## Source data
== Segment start ==

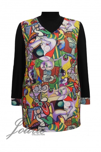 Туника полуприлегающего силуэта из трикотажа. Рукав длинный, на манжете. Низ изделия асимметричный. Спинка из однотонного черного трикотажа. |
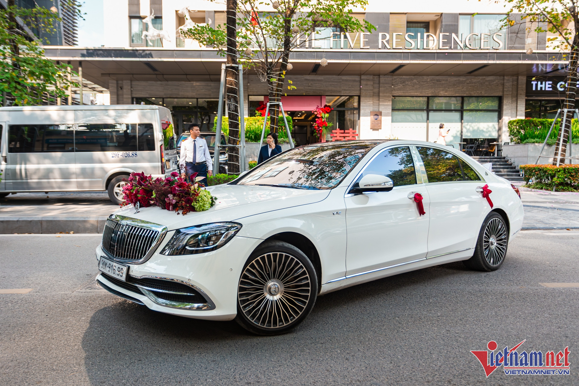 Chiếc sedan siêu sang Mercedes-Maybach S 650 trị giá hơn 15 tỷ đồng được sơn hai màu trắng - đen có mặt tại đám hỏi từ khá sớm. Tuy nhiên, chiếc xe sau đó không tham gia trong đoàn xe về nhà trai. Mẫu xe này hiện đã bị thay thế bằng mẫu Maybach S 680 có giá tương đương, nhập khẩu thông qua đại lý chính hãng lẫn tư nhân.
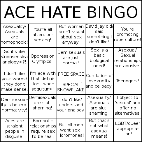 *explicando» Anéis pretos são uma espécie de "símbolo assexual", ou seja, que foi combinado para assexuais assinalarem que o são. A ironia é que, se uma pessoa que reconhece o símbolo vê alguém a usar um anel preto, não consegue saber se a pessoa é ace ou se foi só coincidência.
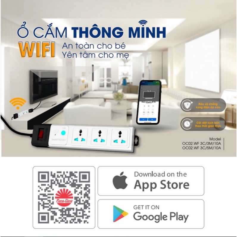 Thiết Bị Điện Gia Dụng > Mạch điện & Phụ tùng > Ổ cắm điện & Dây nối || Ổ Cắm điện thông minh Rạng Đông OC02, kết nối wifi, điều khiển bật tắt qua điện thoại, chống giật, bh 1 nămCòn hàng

== Segment end ==

## About this exercise
The result should be an exact copy of the material, containing no pictures.

## Answer to the exercise
 Туника полуприлегающего силуэта из трикотажа. Рукав длинный, на манжете. Низ изделия асимметричный. Спинка из однотонного черного трикотажа. |
 Chiếc sedan siêu sang Mercedes-Maybach S 650 trị giá hơn 15 tỷ đồng được sơn hai màu trắng - đen có mặt tại đám hỏi từ khá sớm. Tuy nhiên, chiếc xe sau đó không tham gia trong đoàn xe về nhà trai. Mẫu xe này hiện đã bị thay thế bằng mẫu Maybach S 680 có giá tương đương, nhập khẩu thông qua đại lý chính hãng lẫn tư nhân.
 *explicando» Anéis pretos são uma espécie de "símbolo assexual", ou seja, que foi combinado para assexuais assinalarem que o são. A ironia é que, se uma pessoa que reconhece o símbolo vê alguém a usar um anel preto, não consegue saber se a pessoa é ace ou se foi só coincidência.
 Thiết Bị Điện Gia Dụng > Mạch điện & Phụ tùng > Ổ cắm điện & Dây nối || Ổ Cắm điện thông minh Rạng Đông OC02, kết nối wifi, điều khiển bật tắt qua điện thoại, chống giật, bh 1 nămCòn hàng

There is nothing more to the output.